Stored entries

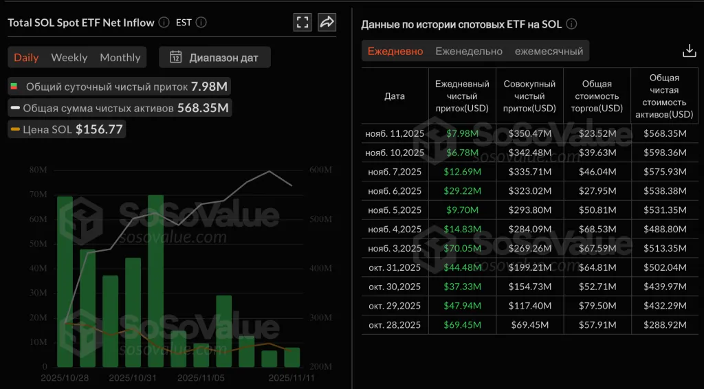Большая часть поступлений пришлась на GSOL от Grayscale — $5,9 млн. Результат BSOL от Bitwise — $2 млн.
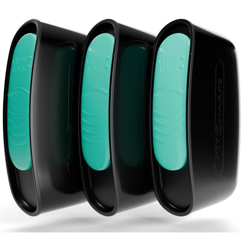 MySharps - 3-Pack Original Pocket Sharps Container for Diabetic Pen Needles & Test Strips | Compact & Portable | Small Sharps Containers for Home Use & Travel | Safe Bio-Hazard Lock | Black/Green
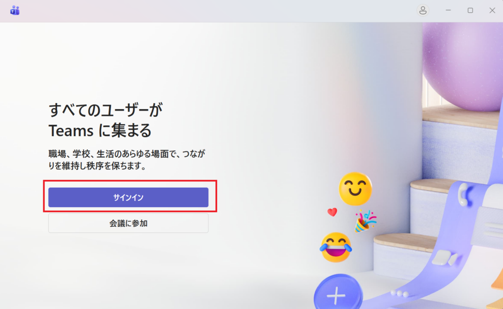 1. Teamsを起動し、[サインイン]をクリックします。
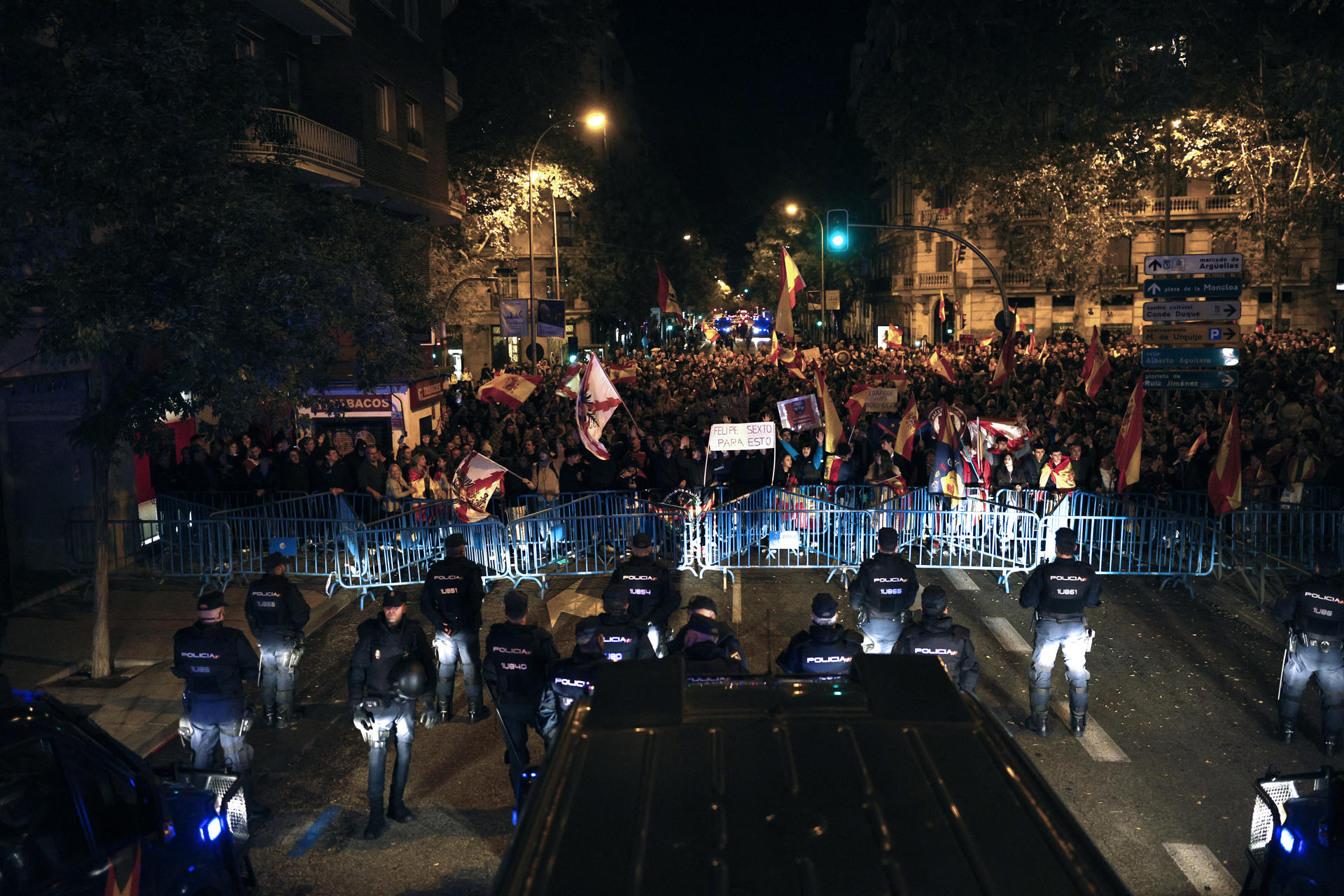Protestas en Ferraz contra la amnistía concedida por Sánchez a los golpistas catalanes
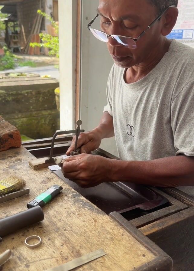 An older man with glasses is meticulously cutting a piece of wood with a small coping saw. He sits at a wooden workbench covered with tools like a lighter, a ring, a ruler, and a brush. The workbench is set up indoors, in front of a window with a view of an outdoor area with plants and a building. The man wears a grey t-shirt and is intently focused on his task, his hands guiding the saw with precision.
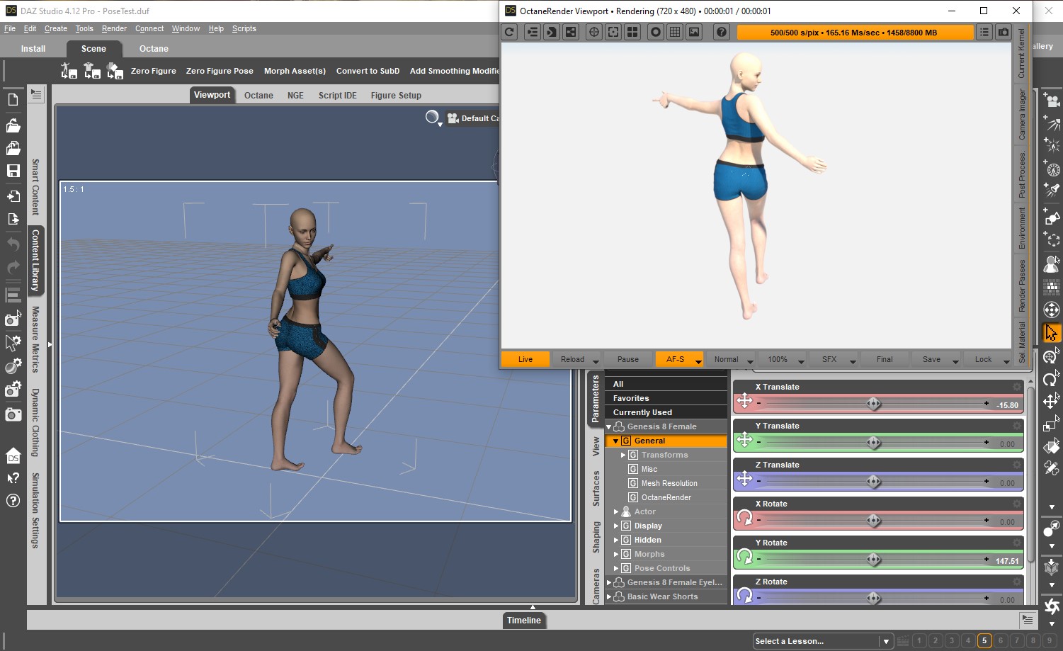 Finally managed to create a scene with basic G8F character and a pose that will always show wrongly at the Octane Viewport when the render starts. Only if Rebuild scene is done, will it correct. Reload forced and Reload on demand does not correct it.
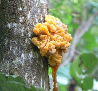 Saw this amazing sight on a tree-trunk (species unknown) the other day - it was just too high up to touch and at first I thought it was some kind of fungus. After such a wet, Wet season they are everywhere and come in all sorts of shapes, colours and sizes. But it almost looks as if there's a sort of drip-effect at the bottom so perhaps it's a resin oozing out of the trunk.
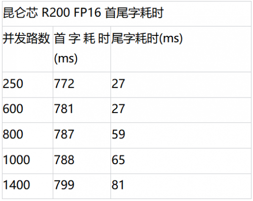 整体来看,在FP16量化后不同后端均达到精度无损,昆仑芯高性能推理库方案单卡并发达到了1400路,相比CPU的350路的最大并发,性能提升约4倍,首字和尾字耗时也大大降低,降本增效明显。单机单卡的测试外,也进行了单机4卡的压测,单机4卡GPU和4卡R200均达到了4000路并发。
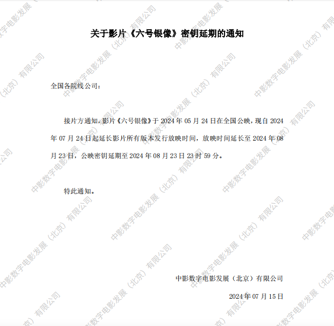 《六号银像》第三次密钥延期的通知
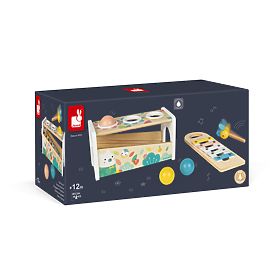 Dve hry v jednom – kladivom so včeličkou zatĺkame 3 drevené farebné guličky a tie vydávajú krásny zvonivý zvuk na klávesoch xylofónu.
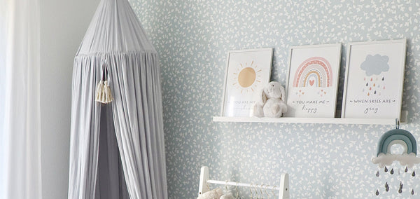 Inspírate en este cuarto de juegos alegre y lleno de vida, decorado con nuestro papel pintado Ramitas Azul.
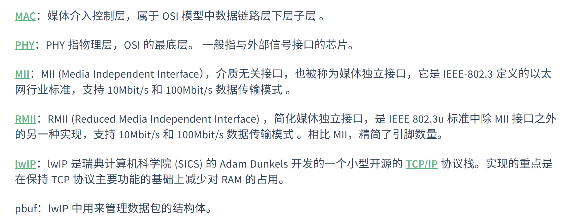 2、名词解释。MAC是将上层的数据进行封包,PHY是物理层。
---
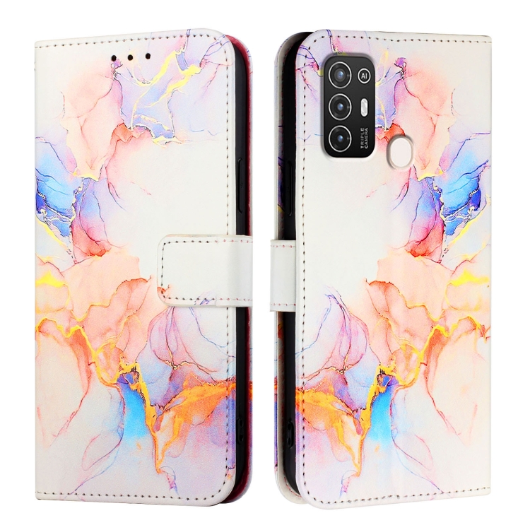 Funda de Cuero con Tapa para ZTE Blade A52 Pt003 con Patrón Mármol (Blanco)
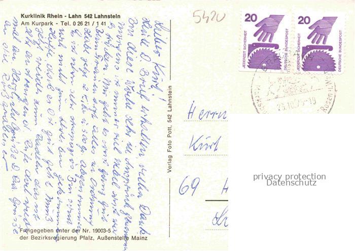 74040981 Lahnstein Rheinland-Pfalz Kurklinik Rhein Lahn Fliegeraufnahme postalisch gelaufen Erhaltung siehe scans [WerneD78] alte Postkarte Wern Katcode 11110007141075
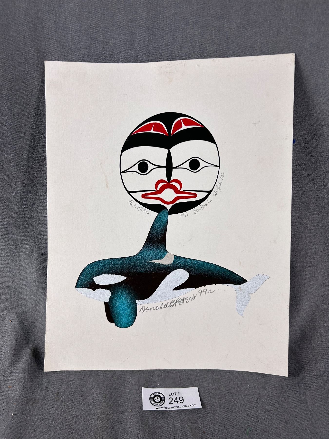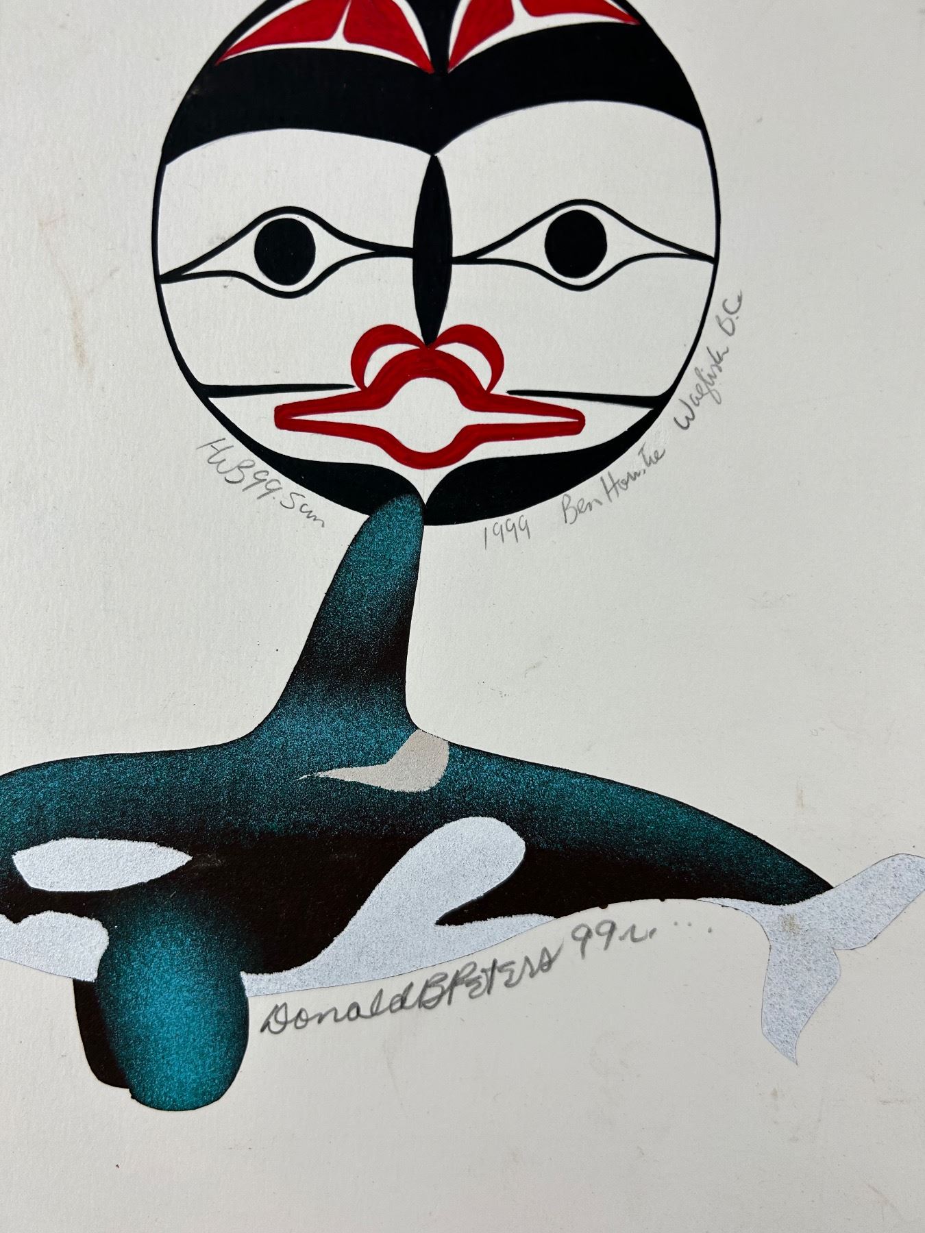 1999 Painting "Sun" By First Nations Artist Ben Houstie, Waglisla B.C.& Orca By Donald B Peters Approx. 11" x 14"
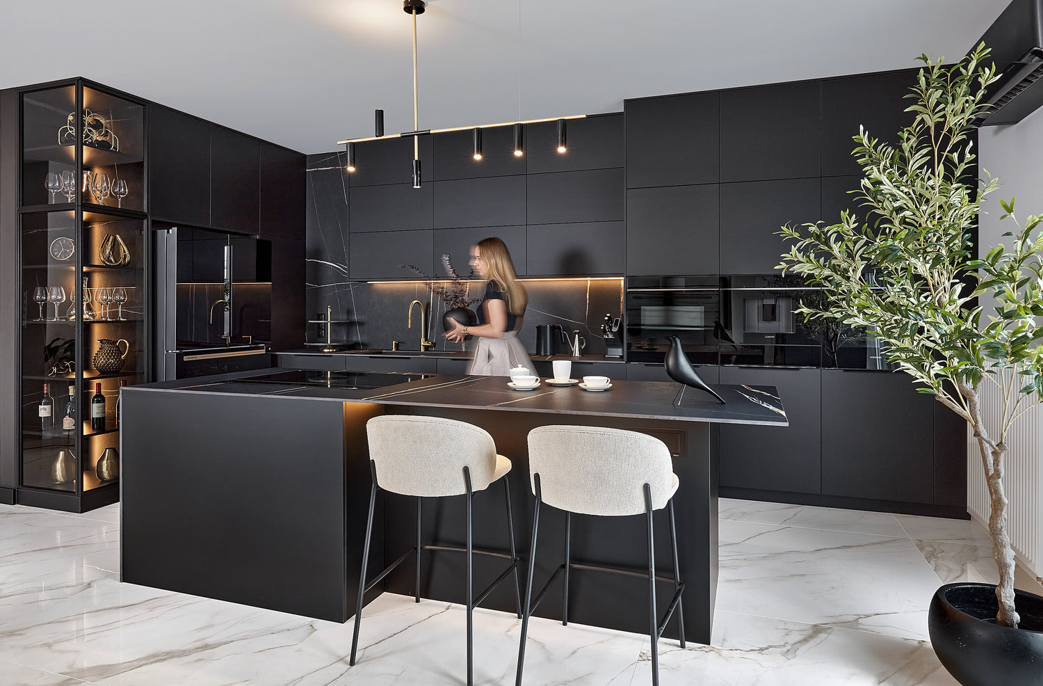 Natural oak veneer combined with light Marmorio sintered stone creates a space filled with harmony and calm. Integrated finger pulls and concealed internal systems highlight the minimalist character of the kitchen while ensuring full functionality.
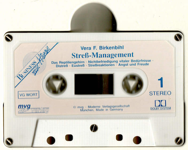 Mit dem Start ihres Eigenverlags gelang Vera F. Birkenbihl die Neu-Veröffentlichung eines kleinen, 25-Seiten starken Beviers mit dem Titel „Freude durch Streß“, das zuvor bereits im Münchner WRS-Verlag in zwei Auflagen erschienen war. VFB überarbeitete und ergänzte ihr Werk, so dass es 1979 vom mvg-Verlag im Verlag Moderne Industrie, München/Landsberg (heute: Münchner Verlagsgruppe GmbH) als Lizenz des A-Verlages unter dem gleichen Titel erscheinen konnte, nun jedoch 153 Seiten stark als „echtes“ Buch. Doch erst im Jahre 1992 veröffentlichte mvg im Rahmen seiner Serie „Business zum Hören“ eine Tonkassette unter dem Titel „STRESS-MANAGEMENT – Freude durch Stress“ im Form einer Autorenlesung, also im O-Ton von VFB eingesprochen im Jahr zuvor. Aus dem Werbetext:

- _AIM OF THE TASK_
Could you repeat, exactly, only the lines above starting at the one that has "Большая часть поступлений" and stopping after the one that has "Protestas en Ferraz", without the pictures?

- _RESPONSE FOR THIS EXERCISE_
Большая часть поступлений пришлась на GSOL от Grayscale — $5,9 млн. Результат BSOL от Bitwise — $2 млн.
 MySharps - 3-Pack Original Pocket Sharps Container for Diabetic Pen Needles & Test Strips | Compact & Portable | Small Sharps Containers for Home Use & Travel | Safe Bio-Hazard Lock | Black/Green
 1. Teamsを起動し、[サインイン]をクリックします。
Protestas en Ferraz contra la amnistía concedida por Sánchez a los golpistas catalanes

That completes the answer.